Doing What You Do
Aimee Mann's Best Imitation of Herself

Sufjan Stevens has just announced the release of Planetarium, his long-in-the-works collaboration with Bryce Dessner, Nico Mulhy and James McAlister. Stevens and his cohorts premiered much of the music from Planetarium live in 2013, and it sounds like nothing he’s done. The first single, “Saturn,” is so outside the realm of anything I’ve heard from Stevens that it feels like exploring space itself.

If you’ve been reading for a while, you know I love it when artists light out for new territories. Many of my favorite songwriters are also chameleons, shape-shifting from album to album, shedding skin and emerging fully formed as a whole new beast. I love that quality so much, in fact, that I’m going to spend an entire column talking about its exact opposite.
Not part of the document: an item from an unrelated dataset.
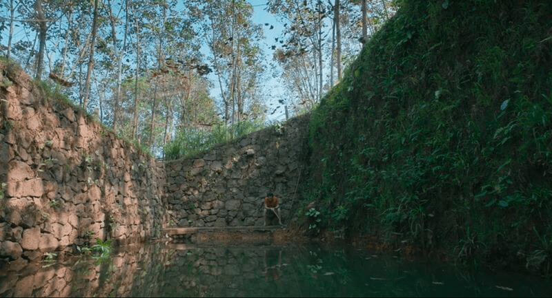 While watching this brilliant Malayalam movie Joji, i had made a quick note on the well (or pond) in my notebook. I was intrigued by the stone retaining wall registering the slope of the landscape.The net tied on the top to hold the falling leaves adds to the degree of enclosure. In the movie, it is in this well Joji plots up the evil ideas to kill his own father. A place where he is himself, devoid of the mask of innocence he is wearing in the house otherwise. The writer of the movie Shyam Pushkaran says “The idea was that Joji, as a child, had a fort at this pond, Whenever he felt abandoned by his father as a child, he would go there and cry. The pond was a comfort to him. He returns there after the murder to seek comfort.” (1) In contrast to his own closed bedroom inside the house, the open well, slightly far away from the house, helps him grow his intentions is private. Two facts, which i figured out later about making of the movie, made me more curious. The well was added to the existing plantation to shoot these important scenes. And another fact is that Shyam completed the script after the location is chosen(2)( A classic move which Frampton would have loved to indicate in his ideas of critical regionalism). The need for the well is a great reminder on what has architecture to offer. A sense of enclosure in the form of a refuge, a frame to articulate darkness and most importantly an interior space. Architecture in India has always had affinity towards the subterranean and the cave. Like the stepped wells. And this well is a classic illustration of that primal urge to move into the ground.

Because there is virtue in consistency, too. There’s value in doing one thing very well for an entire career, especially if you’re the best there is at doing that one thing. For instance, if that one thing you do very well is write sad, perfect songs, and you can do that consistently for more than 30 years, trying on different musical affectations but remaining true to a signature style, then you might be Aimee Mann. But you probably aren’t, because there’s only one Aimee Mann, and she’s amazing.

Over eight prior solo albums (and one swell collaboration with Ted Leo), Mann has written some of the most heart-wrenching tunes I know. She’s wrapped those tunes in orchestration, snarling rock, delicate acoustics and, on 2012’s Charmer, kitschy synths, as if to distract us from the fact that she’s penned the same kind of odes to loneliness and pain her entire life. I don’t even mean that as a criticism – as I said above, she’s pretty much the best there is at writing songs like these, and I will gladly take another 20 albums’ worth of them.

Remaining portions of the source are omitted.